The reason platform workflows are changing anyway is the patchwork around the edges: New York’s synthetic-performer law, state-level political-ad synthetic media rules, California provenance and watermarking developments, and EU AI Act transparency obligations. For a dated companion record on that regulatory calendar, see Palantir CEO's AI regulation warning hits home for adtech this week. The operating point for U.S. ad teams is still narrower: do not treat “AI disclosure” as one national checkbox that travels cleanly across platforms.
What to document before an AI ad goes live
A workable AI creative review process should be platform-specific. It does not need to be theatrical. It needs to leave a record that can survive the moment an asset is rejected, labeled unexpectedly, paused after review, or questioned by a client.
- Record how the asset was made: platform-native AI tool, third-party AI tool, manual edit, stock asset, creator submission, or mixed production.
- Identify whether a realistic synthetic person, voice, likeness, performer, testimonial, or scene appears.
- Check whether the platform auto-labels only its own AI-generated assets or requires advertiser self-declaration for outside tools.
- For Amazon New York delivery, decide before upload whether “Contains synthetic performers” applies and whether the supplied creative itself needs embedded disclosure.
- For TikTok creator-style assets, confirm whether realistic synthetic media disclosure was handled by the creator or uploader.
- Keep screenshots or export notes showing which disclosure setting was selected, who approved it, and what version of the creative was trafficked.
- Separate disclosure review from claim review. An AI label does not substantiate a product claim or clear a person’s likeness.
The failure mode is usually not that a team “used AI.” It is that nobody can reconstruct what changed between the initial generation, the edit, the export, the platform upload, and the disclosure choice. When the flag lands, that missing chain becomes the advertiser’s problem to explain.
So the answer is deliberately uneven. Google may label and still disclaim compliance. Meta may label assets made with its own tools while leaving third-party AI provenance outside that same path. Amazon may require advertiser-side synthetic-performer selection and embedded disclosure for certain New York-served supplied creative.
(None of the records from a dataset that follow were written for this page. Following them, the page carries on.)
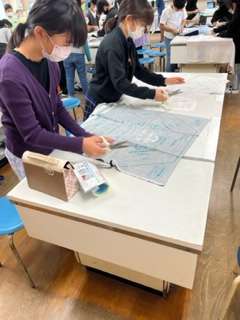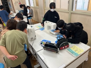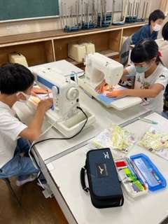 エプロンを型紙に合わせて裁ちばさみできりました。その後練習布を使って、ミシンの使い方を学習しました。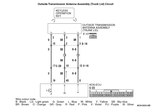 antenna assembly (trunk lid) connector terminal No. 1, 2, 3 and the C-23 KOS-ECU connector terminal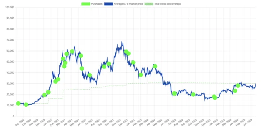 La firma compró 140,000 BTC a un precio promedio de 29,903 dólares por moneda. El valor de la inversión es de 4.17 mil millones de dólares.

TikTok may put disclosure duties on realistic synthetic media creators. None of that gives advertisers one portable AI-ad liability rule. It gives them four upload workflows to control.
References
- About AI labels in ads — Google Ads Help.
- Expanding AI transparency in advertising — Google, July 9, 2026.
- About AI info on ads — Meta Help Center.
- Synthetic performers in ads — Amazon Ads Help, updated July 6, 2026.
- New labels for AI-generated content — TikTok Newsroom, September 19, 2023.
- FTC Announces Crackdown on Deceptive AI Claims and Schemes — Federal Trade Commission, September 25, 2024.
- Advertising and Marketing — Federal Trade Commission.
This is a record of what happened and what was tested, not legal advice. Compliance determinations require qualified counsel.